_WORK INSTRUCTION_:
Copy every line of the records exactly, without including the images.

_GIVEN RECORDS_:
————————
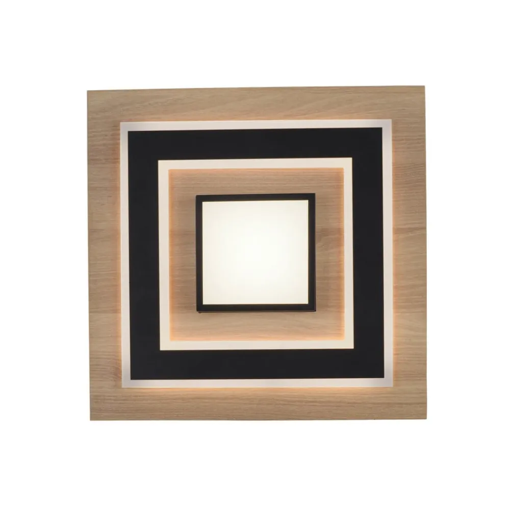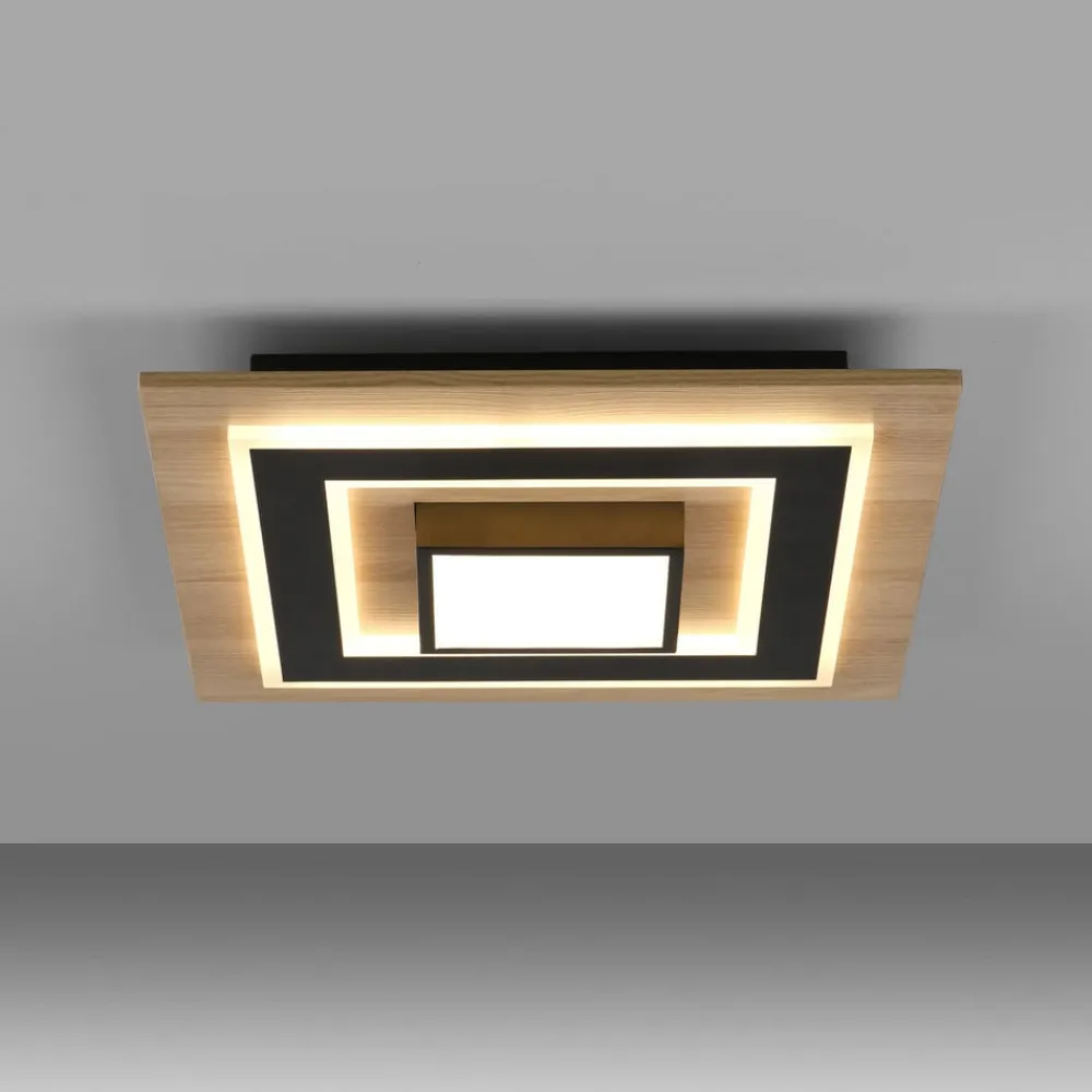 Firkantet loftlampe Tola med to lyselementer Tola er en loftlampe i en smuk kombination af træ og sort metal, der udsender varmhvidt lys og giver fleksibel belysning. Lyskontakten kan bruges til at tænde lyselementet i midten og de lysdioder, der er installeret i kanterne af den sorte ramme bag satinskærme, hver for sig eller sammen, så lysstyrken på de varmhvide lysdioder kan justeres efter behov.
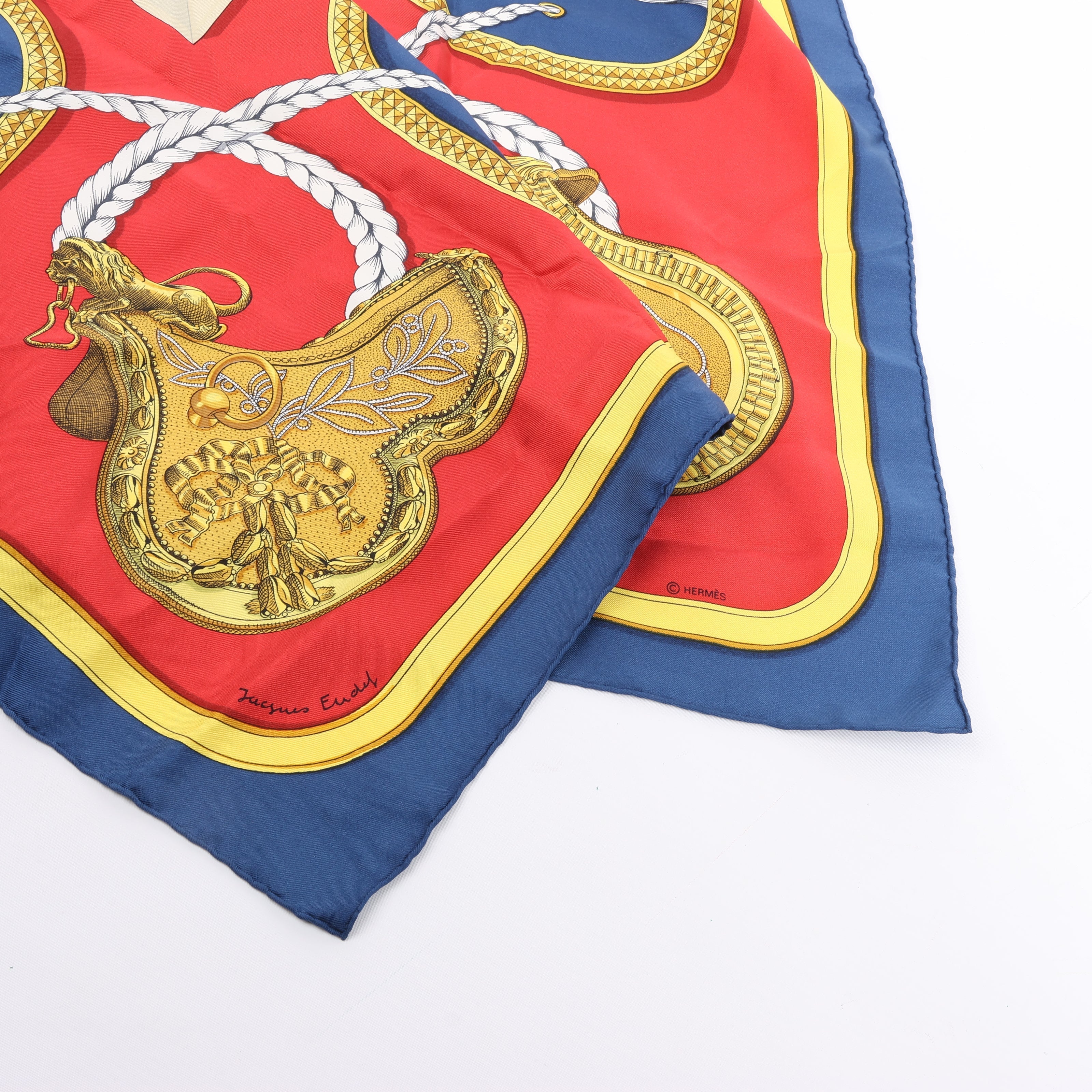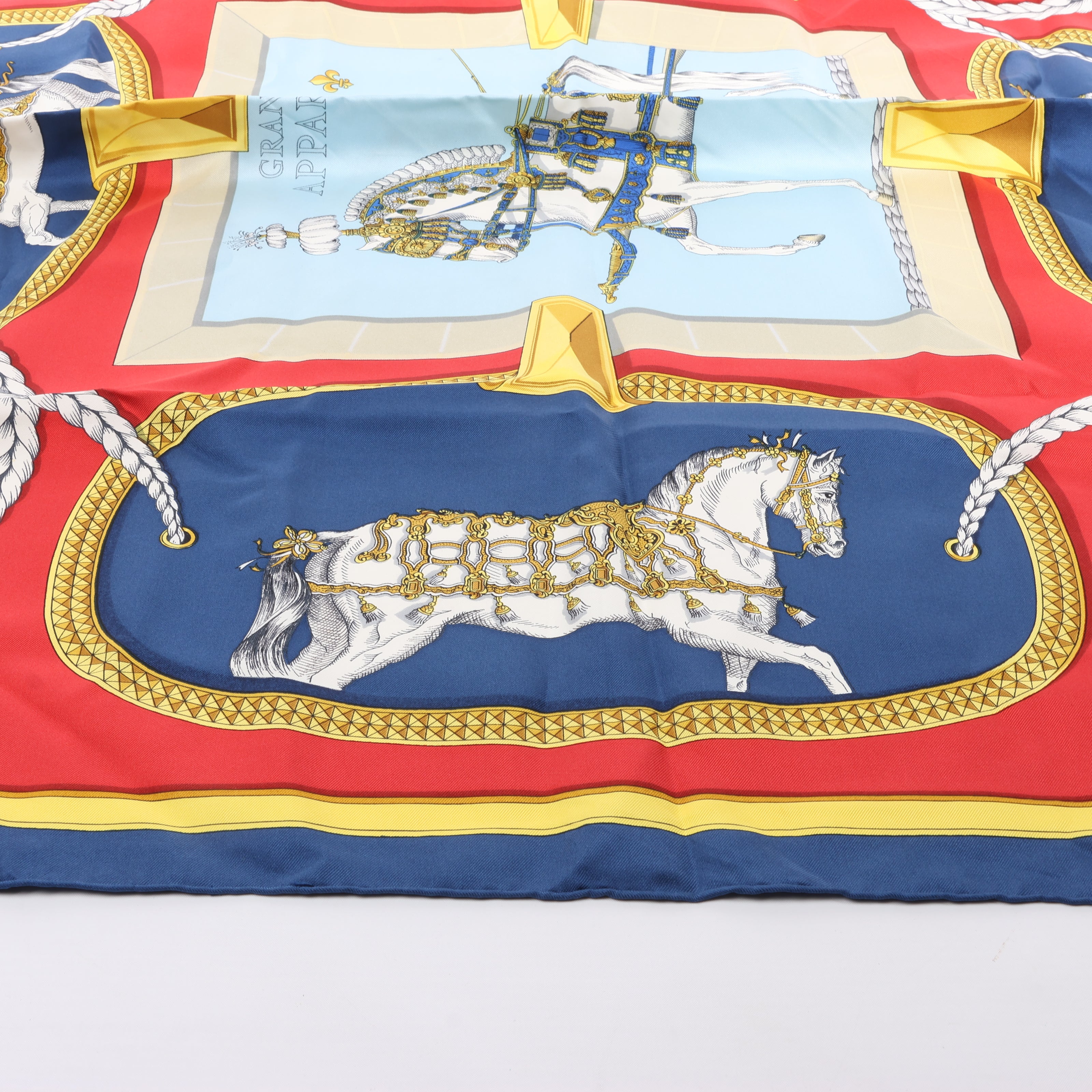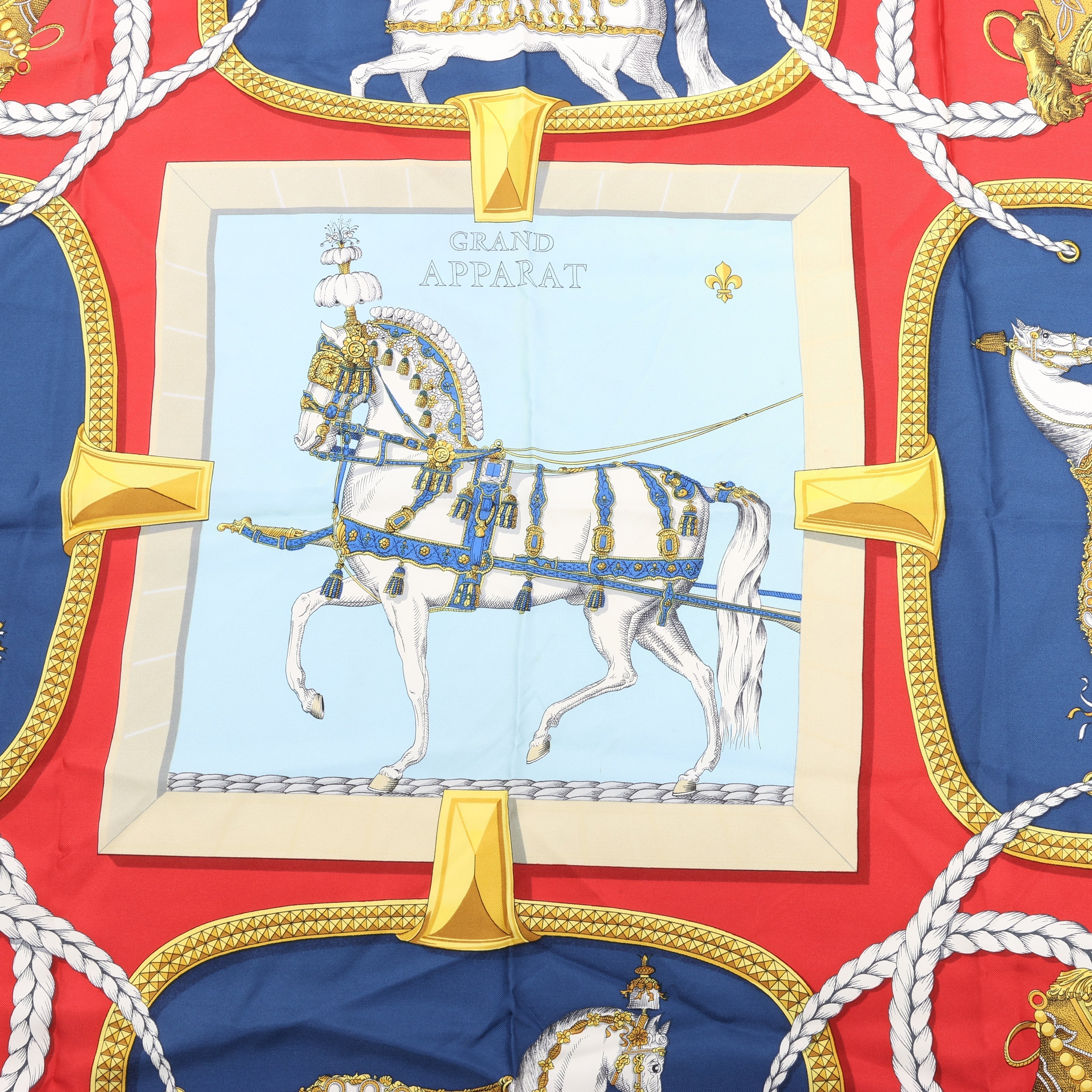 Hermes Hermès Carré 90 "GRAND APPARAT" 100% Silk Scarf in Navy x Red
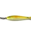 Dieser Pilker hat ein traditionelles Stiftdesign. Er ist ausgestattet mit starkem Sprengring und einem starken Drilling, der mit einem Leuchtschlauch ummandelt ist. Er ist in der Farbe Rot-Gelb verfügbar. Der Pilker ist bleifrei und in Gewichten von 100g bis 500g verfügbar.
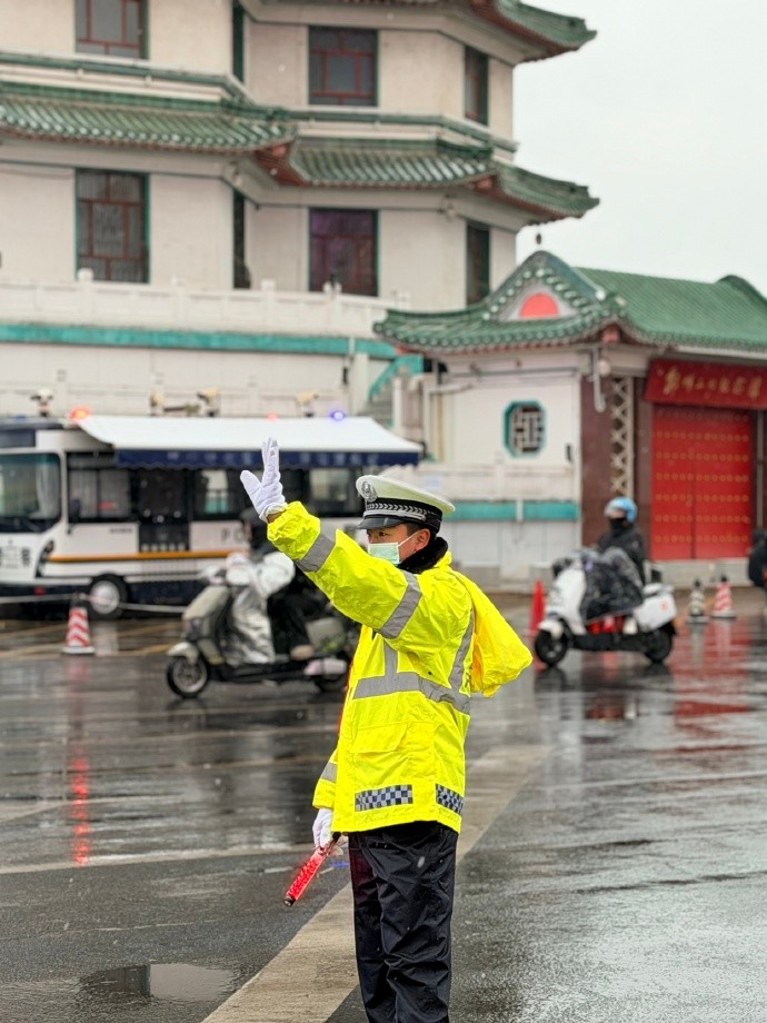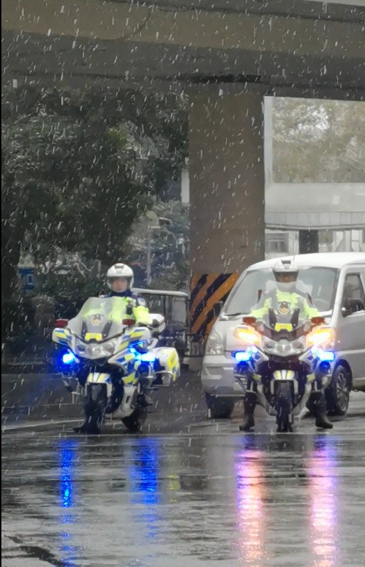 △鄭州鐵騎秒變 “雪中衛士”,頂風冒雪堅守執勤一線,穿梭在車流中疏導交通,提醒車輛減速慢行,守護群眾出行平安。
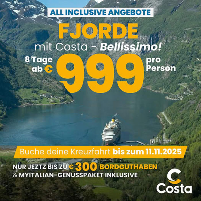 Buche bis zum 11.11.2025: 8 Tage ab € 999 pro Person
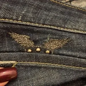 Dark blue denim with silver button detail. Iconic Robin's Jean style. New, no tags
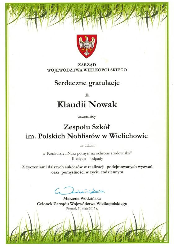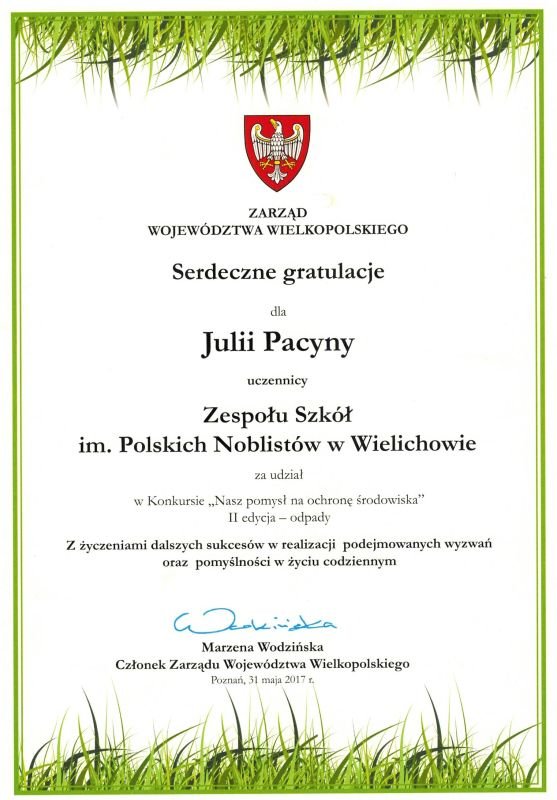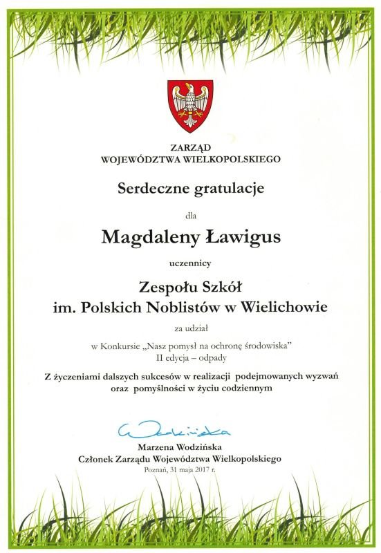 Urząd Marszałkowski Województwa Wielkopolskiego zorganizował II edycję konkursu pt. „Nasz pomysł na ochronę środowiska”.  Uczniowie naszej szkoły wykonali postery dotyczące zagospodarowania odpadów. W etapie szkolnym konkursu zwyciężyła praca zespołowa uczennic z klasy II c: Magdaleny Łowigus, Julii Pacyny i Klaudii Nowak.
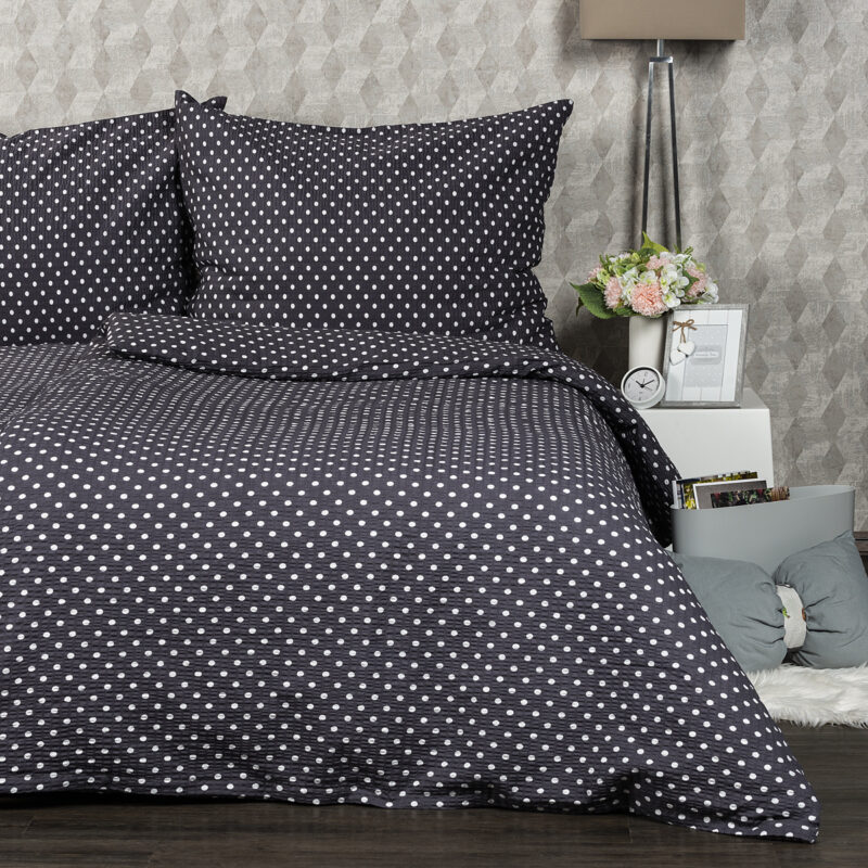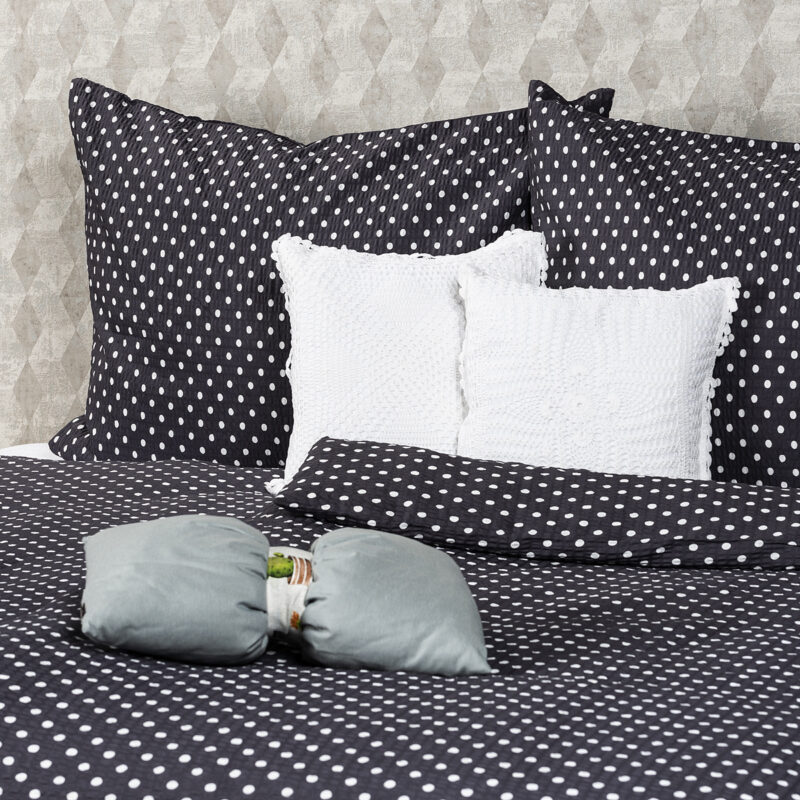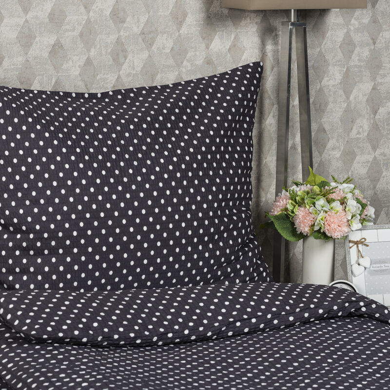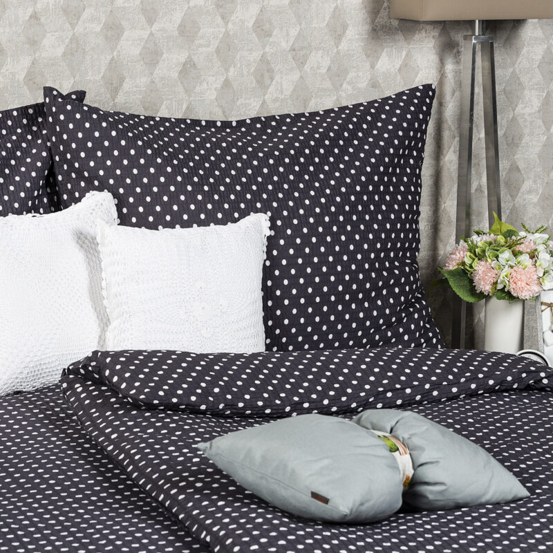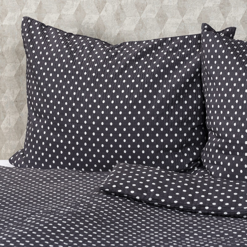 Elegantné potešenie pre každého puntičkára. Rozverné bodky vnesú retro atmosféru do každej spálne a vďaka decentnému sivo-bielemu prevedeniu navyše pôsobia veľmi elegantne. Ideálne krepové obliečky pre všetkých s hravou a jemnou dušou. Príjemná 100% bavlna vám zaručí kvalitný a pohodlný spánok každú noc, takže sa vždy budete do svojej postele s nadšením vracať. A vďaka úprave krep ušetríte veľa času, pretože nebudete musieť obliečky žehliť. Pre maximálne pohodlie majú obliečky praktické zapínanie na zips.Súprava obsahuje:
————————
_ANSWER BOX_:
 Firkantet loftlampe Tola med to lyselementer Tola er en loftlampe i en smuk kombination af træ og sort metal, der udsender varmhvidt lys og giver fleksibel belysning. Lyskontakten kan bruges til at tænde lyselementet i midten og de lysdioder, der er installeret i kanterne af den sorte ramme bag satinskærme, hver for sig eller sammen, så lysstyrken på de varmhvide lysdioder kan justeres efter behov.
 Hermes Hermès Carré 90 "GRAND APPARAT" 100% Silk Scarf in Navy x Red
 Dieser Pilker hat ein traditionelles Stiftdesign. Er ist ausgestattet mit starkem Sprengring und einem starken Drilling, der mit einem Leuchtschlauch ummandelt ist. Er ist in der Farbe Rot-Gelb verfügbar. Der Pilker ist bleifrei und in Gewichten von 100g bis 500g verfügbar.
 △鄭州鐵騎秒變 “雪中衛士”,頂風冒雪堅守執勤一線,穿梭在車流中疏導交通,提醒車輛減速慢行,守護群眾出行平安。
 Buche bis zum 11.11.2025: 8 Tage ab € 999 pro Person
 Dark blue denim with silver button detail. Iconic Robin's Jean style. New, no tags
 Urząd Marszałkowski Województwa Wielkopolskiego zorganizował II edycję konkursu pt. „Nasz pomysł na ochronę środowiska”.  Uczniowie naszej szkoły wykonali postery dotyczące zagospodarowania odpadów. W etapie szkolnym konkursu zwyciężyła praca zespołowa uczennic z klasy II c: Magdaleny Łowigus, Julii Pacyny i Klaudii Nowak.
 Elegantné potešenie pre každého puntičkára. Rozverné bodky vnesú retro atmosféru do každej spálne a vďaka decentnému sivo-bielemu prevedeniu navyše pôsobia veľmi elegantne. Ideálne krepové obliečky pre všetkých s hravou a jemnou dušou. Príjemná 100% bavlna vám zaručí kvalitný a pohodlný spánok každú noc, takže sa vždy budete do svojej postele s nadšením vracať. A vďaka úprave krep ušetríte veľa času, pretože nebudete musieť obliečky žehliť. Pre maximálne pohodlie majú obliečky praktické zapínanie na zips.Súprava obsahuje:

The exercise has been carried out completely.